__Work instruction__.
Of the lines listed below, return exactly those that run from the line containing "На третьей технологической" through the line containing "Qualidade e desempenho", both included.

__Recorded data__.
_____
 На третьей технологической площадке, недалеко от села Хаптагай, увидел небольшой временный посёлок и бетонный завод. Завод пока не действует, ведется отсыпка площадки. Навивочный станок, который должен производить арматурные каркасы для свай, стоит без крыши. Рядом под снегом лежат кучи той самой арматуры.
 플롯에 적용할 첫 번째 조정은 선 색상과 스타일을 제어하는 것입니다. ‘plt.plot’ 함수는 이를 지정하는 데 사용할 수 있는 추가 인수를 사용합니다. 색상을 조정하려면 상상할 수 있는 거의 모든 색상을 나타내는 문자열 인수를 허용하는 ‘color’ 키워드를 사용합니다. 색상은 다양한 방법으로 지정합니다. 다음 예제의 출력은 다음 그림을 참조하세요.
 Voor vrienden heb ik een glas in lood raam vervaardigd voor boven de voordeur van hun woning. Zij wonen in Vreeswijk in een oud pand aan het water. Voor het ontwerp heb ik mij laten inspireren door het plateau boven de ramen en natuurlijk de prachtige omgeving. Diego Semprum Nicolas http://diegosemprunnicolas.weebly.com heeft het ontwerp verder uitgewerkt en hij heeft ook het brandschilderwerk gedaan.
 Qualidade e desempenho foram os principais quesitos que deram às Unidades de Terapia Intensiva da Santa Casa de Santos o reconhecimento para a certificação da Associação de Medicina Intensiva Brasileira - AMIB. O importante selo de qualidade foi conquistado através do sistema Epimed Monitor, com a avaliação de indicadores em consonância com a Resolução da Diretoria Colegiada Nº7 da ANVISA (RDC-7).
_____
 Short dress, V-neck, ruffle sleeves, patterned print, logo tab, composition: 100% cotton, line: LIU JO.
_____
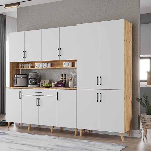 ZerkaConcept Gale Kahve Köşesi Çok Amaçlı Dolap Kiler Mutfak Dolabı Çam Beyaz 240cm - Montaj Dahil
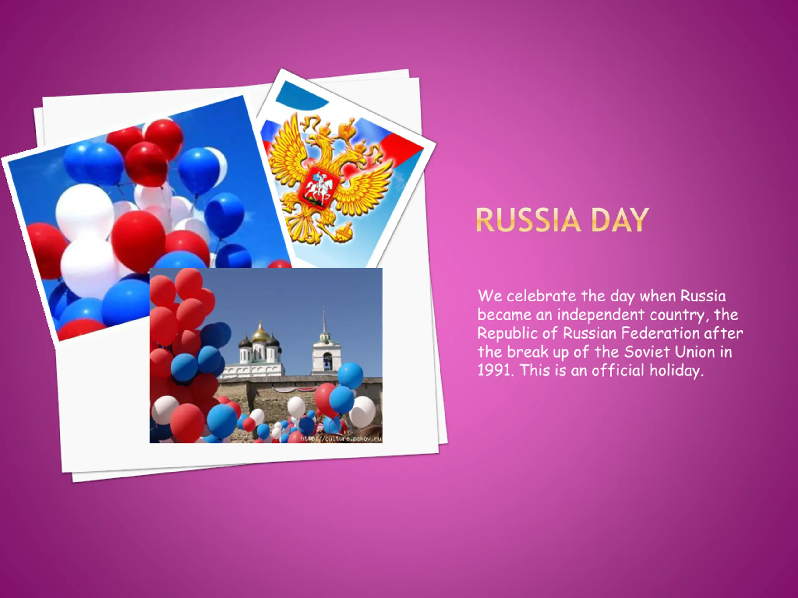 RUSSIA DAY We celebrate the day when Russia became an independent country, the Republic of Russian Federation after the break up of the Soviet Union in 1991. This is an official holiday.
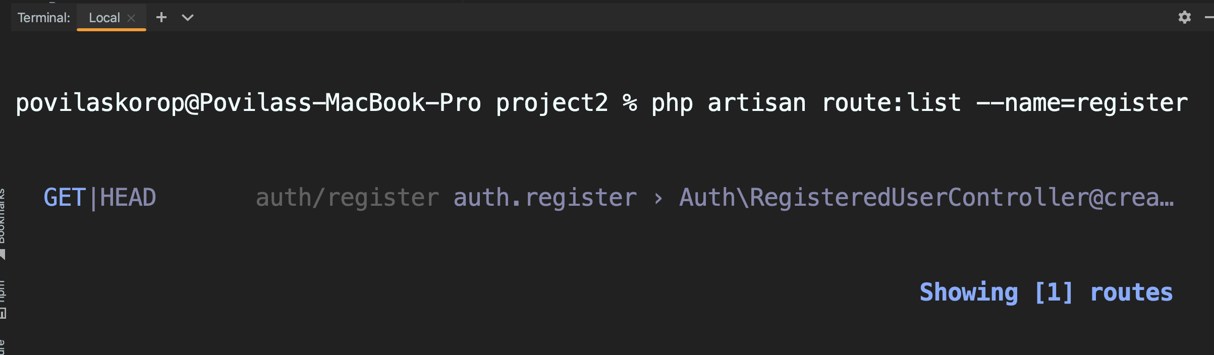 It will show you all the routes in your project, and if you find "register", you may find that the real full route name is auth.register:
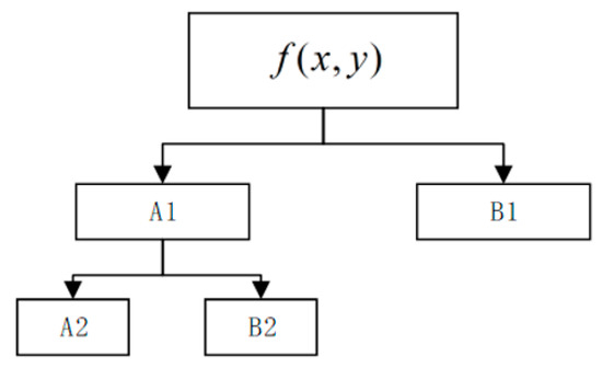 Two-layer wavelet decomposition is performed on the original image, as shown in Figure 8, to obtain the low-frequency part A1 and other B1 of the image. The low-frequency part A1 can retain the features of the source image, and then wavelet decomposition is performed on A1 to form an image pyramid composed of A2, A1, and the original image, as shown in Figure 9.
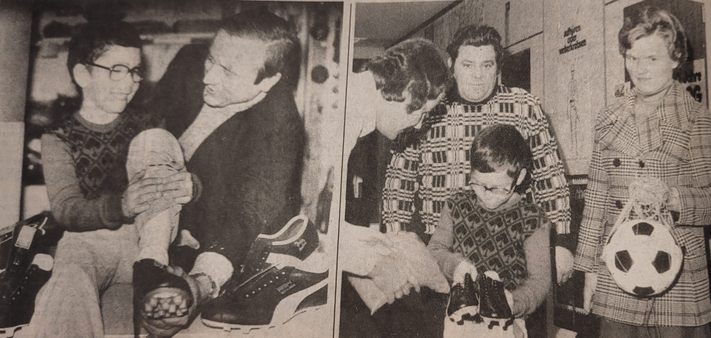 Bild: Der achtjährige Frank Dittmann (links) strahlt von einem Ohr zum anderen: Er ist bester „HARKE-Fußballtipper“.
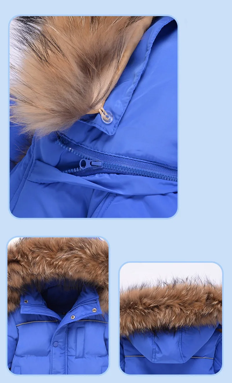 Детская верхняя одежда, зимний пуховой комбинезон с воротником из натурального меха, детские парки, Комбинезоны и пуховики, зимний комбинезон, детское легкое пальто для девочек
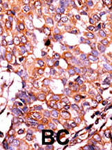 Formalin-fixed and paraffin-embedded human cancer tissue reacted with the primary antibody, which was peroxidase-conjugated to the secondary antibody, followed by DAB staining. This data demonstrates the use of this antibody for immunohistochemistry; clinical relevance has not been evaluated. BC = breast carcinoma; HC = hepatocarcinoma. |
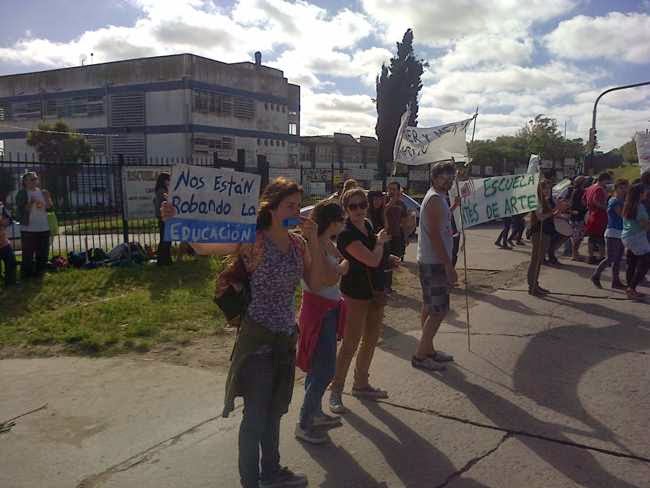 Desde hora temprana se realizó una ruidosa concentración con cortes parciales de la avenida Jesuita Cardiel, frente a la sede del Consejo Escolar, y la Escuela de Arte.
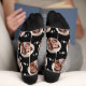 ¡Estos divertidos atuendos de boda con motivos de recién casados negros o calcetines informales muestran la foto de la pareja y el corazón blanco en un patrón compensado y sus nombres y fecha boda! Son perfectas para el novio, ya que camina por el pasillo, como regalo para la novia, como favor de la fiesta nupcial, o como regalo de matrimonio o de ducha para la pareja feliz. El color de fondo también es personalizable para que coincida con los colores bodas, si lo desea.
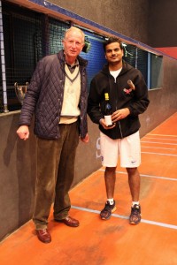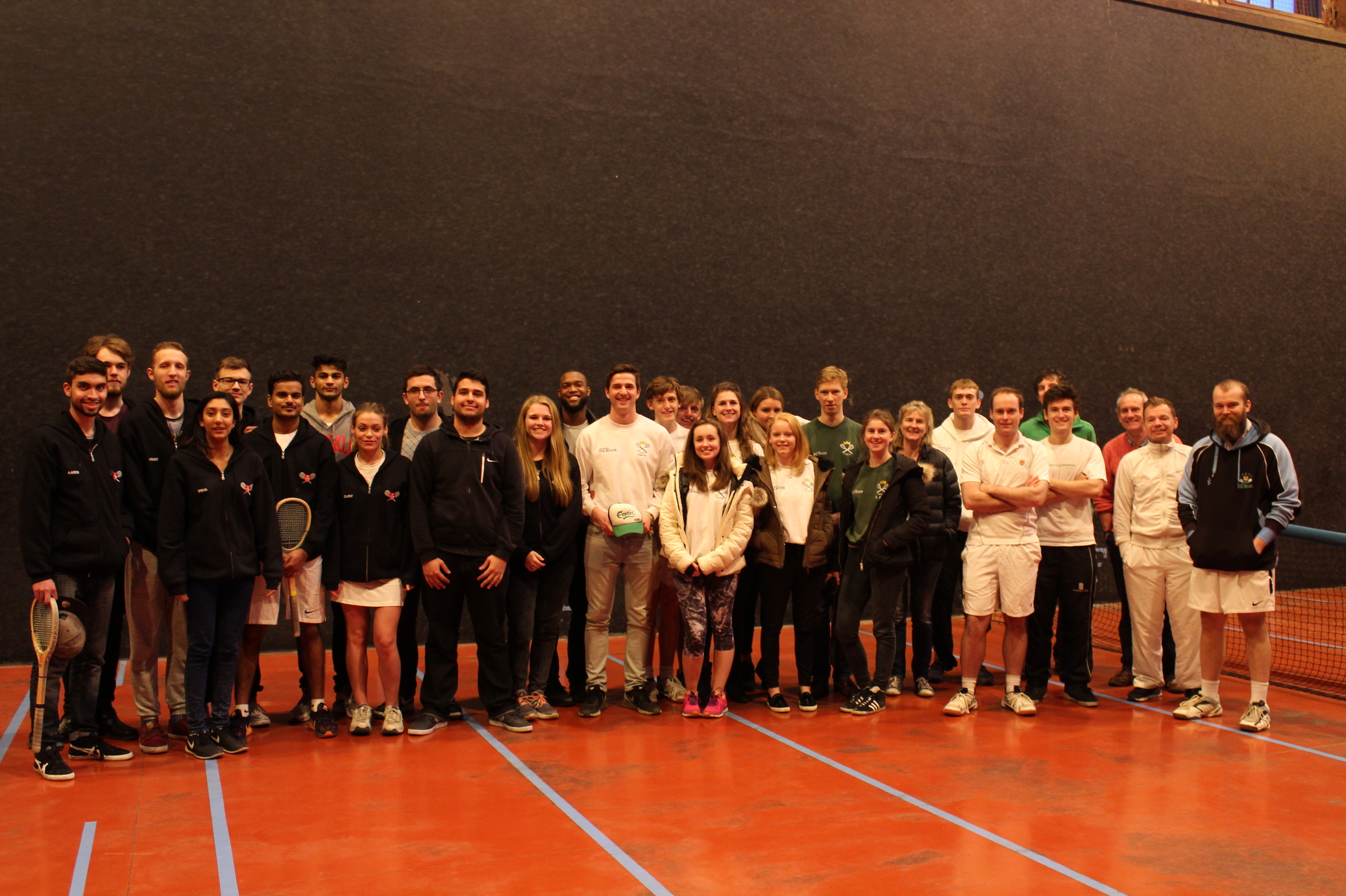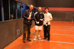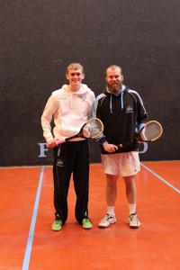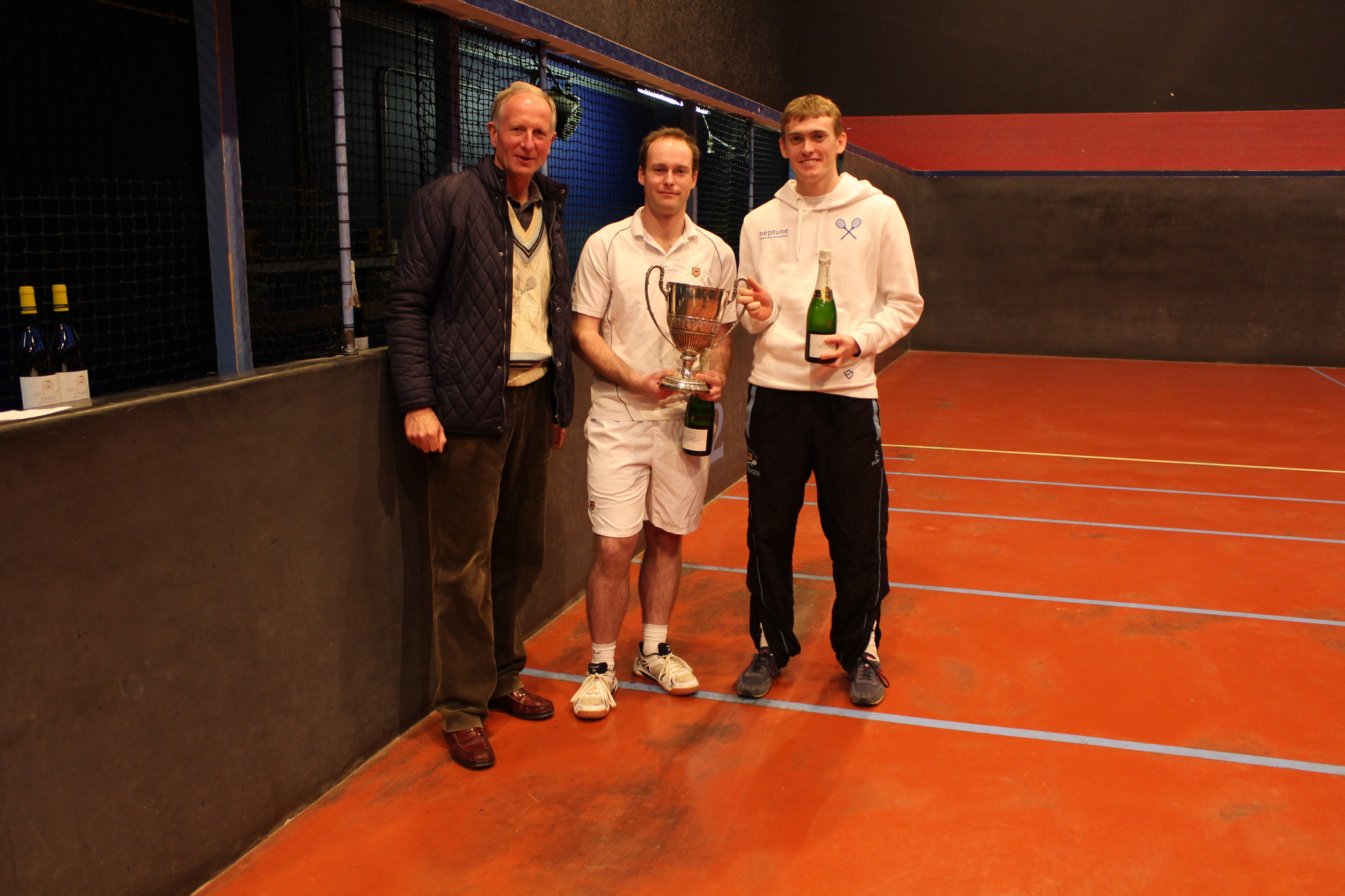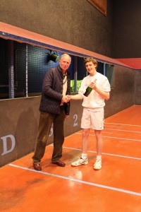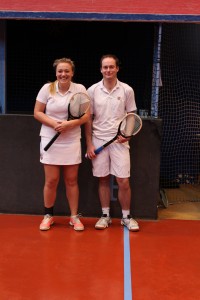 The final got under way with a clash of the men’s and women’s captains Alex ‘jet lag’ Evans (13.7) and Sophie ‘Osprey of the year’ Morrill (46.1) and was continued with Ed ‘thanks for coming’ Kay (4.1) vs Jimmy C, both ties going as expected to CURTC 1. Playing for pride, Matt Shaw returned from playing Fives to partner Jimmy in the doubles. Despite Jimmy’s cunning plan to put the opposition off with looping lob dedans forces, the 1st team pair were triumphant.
_____
__Response below__.
 На третьей технологической площадке, недалеко от села Хаптагай, увидел небольшой временный посёлок и бетонный завод. Завод пока не действует, ведется отсыпка площадки. Навивочный станок, который должен производить арматурные каркасы для свай, стоит без крыши. Рядом под снегом лежат кучи той самой арматуры.
 플롯에 적용할 첫 번째 조정은 선 색상과 스타일을 제어하는 것입니다. ‘plt.plot’ 함수는 이를 지정하는 데 사용할 수 있는 추가 인수를 사용합니다. 색상을 조정하려면 상상할 수 있는 거의 모든 색상을 나타내는 문자열 인수를 허용하는 ‘color’ 키워드를 사용합니다. 색상은 다양한 방법으로 지정합니다. 다음 예제의 출력은 다음 그림을 참조하세요.
 Voor vrienden heb ik een glas in lood raam vervaardigd voor boven de voordeur van hun woning. Zij wonen in Vreeswijk in een oud pand aan het water. Voor het ontwerp heb ik mij laten inspireren door het plateau boven de ramen en natuurlijk de prachtige omgeving. Diego Semprum Nicolas http://diegosemprunnicolas.weebly.com heeft het ontwerp verder uitgewerkt en hij heeft ook het brandschilderwerk gedaan.
 Qualidade e desempenho foram os principais quesitos que deram às Unidades de Terapia Intensiva da Santa Casa de Santos o reconhecimento para a certificação da Associação de Medicina Intensiva Brasileira - AMIB. O importante selo de qualidade foi conquistado através do sistema Epimed Monitor, com a avaliação de indicadores em consonância com a Resolução da Diretoria Colegiada Nº7 da ANVISA (RDC-7).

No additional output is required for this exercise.